Work instruction →
Leave out pictures; repeat exactly the lines from the "Vesmírná láska - šaty" line through the last of the data below.

Dataset content →

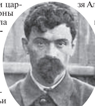
Расстрельная команда уроженца Каинска Якова Юровского убила царя и его близких.
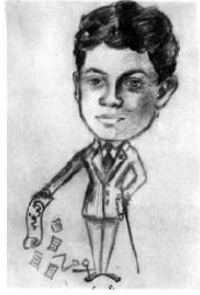
رسم كاريكاتيري رسم لي في المرحلة الثانوية يشير إلى حبي لمزب الورد
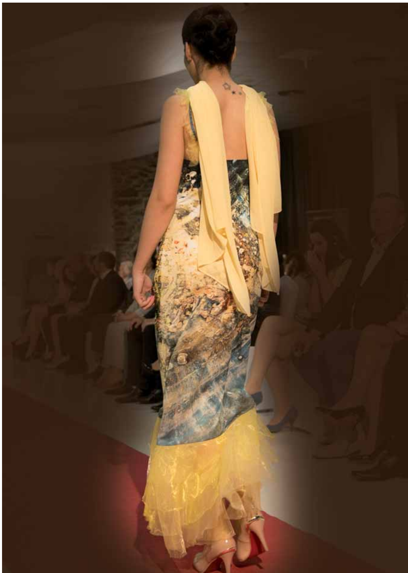
Vesmírná láska - šaty zdobené korálky (ruční výšivka) - módní přehlídka Zámek Víglaš, květen 2015
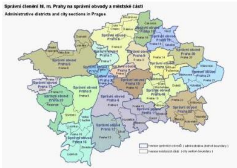
Obrázek 1: Správní členění hlavního města Prahy na správní obvody a MČ

Solved exercise →
Vesmírná láska - šaty zdobené korálky (ruční výšivka) - módní přehlídka Zámek Víglaš, květen 2015
Obrázek 1: Správní členění hlavního města Prahy na správní obvody a MČ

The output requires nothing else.